Another goal I had was to find the longest given path I could take. This would help me to get out of tight situations. I soon realized this was an NP Hard problem. Given that I only had 250ms using this method could be potentially dangerous. After some testing I realized that finding the longest path in even a 7x7 grid could take upwards of 8 seconds. Way too long. I figured I could use this algorithm when I got into smaller spaces, however I ended up putting this on hold as I couldn’t get the method to work the way I needed.

5. Fine tuning

The next task for me was to figure out what I wanted to do when. I had a vague strategy from the beginning, but it was having to change slightly due to the longest path problem not working out as I expected. My goal was to hoard as much food as I could. Thus getting as large as I could and potentially starving out other snakes. Also, if you’re the largest snake you never have to worry about being eaten and can eat others in the race for food.

I added some logic to prevent my snake from going into areas where larger snakes were. I also followed my tail for a bit when I sensed immediate danger (such as a larger snake nearby).

Biggest Challenges

One of the challenges I came across was in using Node.js. It had two problems that I ran into.

It’s not immediately an immutable language

There was a few times when data was being altered without me realizing it. After some research I realized I was unknowingly changing the data. I looked at deep cloning objects in order to prevent this, however I found this to be incredibly slow. It was actually much faster to rebuild parts of the object than it was to clone them. Once I figured this out it became more of a hassle than a problem. I just had to be very careful and test what I was doing often.

Classes not having multiple constructors.

The second issue I had was I wanted to instantiate a class with different types of variables. In JS however you can only have one constructor per class. This was and still is a large annoyance. I ended up having to creating a duplicate class in order to solve this. I looked at using optional parameters, but it was too messy and cumbersome.

At one point I looked at switching over to Python. I decided against it however because I was not familiar with getting Python up and running. Also, from the small amount of research (Google) I did it appeared that Node.js was considerably faster.

Changes to the rules

The other challenge I ran into was out of my control. A few times just weeks before the competition the rules had changed. This meant that some of my code needed to be adjusted and reworked. There were two major adjustments that effected me the most.

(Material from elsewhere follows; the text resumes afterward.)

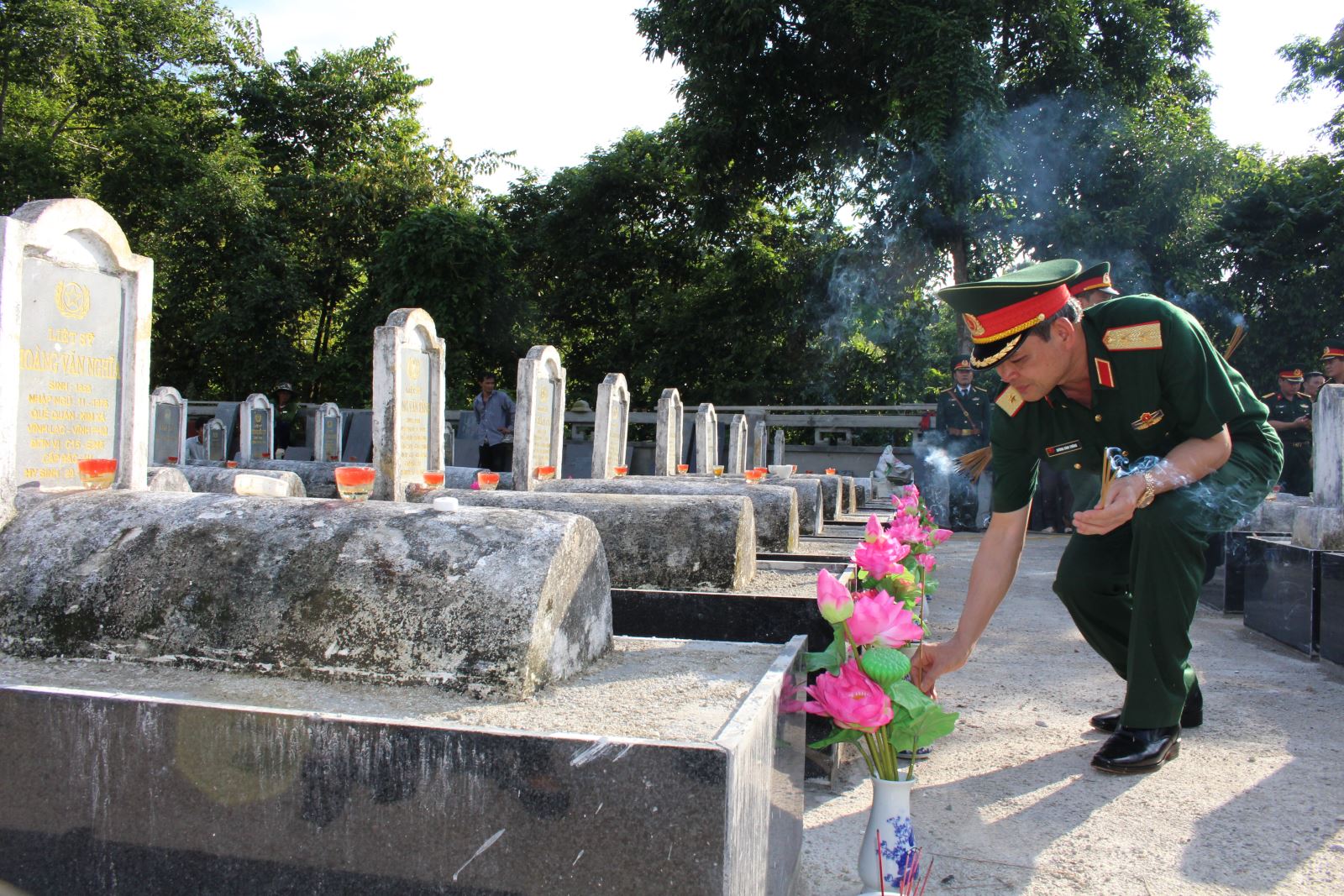 Đoàn công tác của Bộ Tư lệnh Quân khu dâng hương tại nghĩa trang liệt sỹ huyện Hà Quảng, tỉnh Cao Bằng.

First, the order in which a snake would move. Originally the head would move and then the tail would follow. The rules was changed to the tail would move and then the head would move. This change meant you could follow your tail without there being a gab. It also meant all of the code that had been written to avoid hitting your tail was obsolete. I now had to change a few methods to allow for the possibility of following a snakes tail.

Second, how the snake reacted after eating food. Originally when the snake ate a food its tail wouldn’t shrink. The rule was changed so that the tail still did shrink, however two tails spots would be pushed into the new tail coordinate. Then the next turn the tail would remain.

This was a major adjustment in terms of how algorithms worked. I had just rewritten my algorithms so my snake could follow my own other other snakes tails. This change meant I had to add a check to every algorithm to see if a snake had two segments in the same position and to act accordingly.

What I learned and would do differently

I learned a lot about Node.js. I learned that the language can be incredibly frustrating to work with and in some cases inconsistent. It is also incredibly fast. I was able to run the breadth first search algorithm at least a dozen times without even reaching 50ms. My knowledge of using Git grew a lot as well as I was constantly using it.

One of the things I would do differently is probably merge a number of the methods together. Shortly before the competition I realized that a lot of my methods did enough similar things that it would have make sense to merge them. This would have made debugging and testing faster and easier.

I also wish I had been able to properly implement the longest path problem. It it would have helped during the competition.

This competition was a lot of fun and I look forward to it next year.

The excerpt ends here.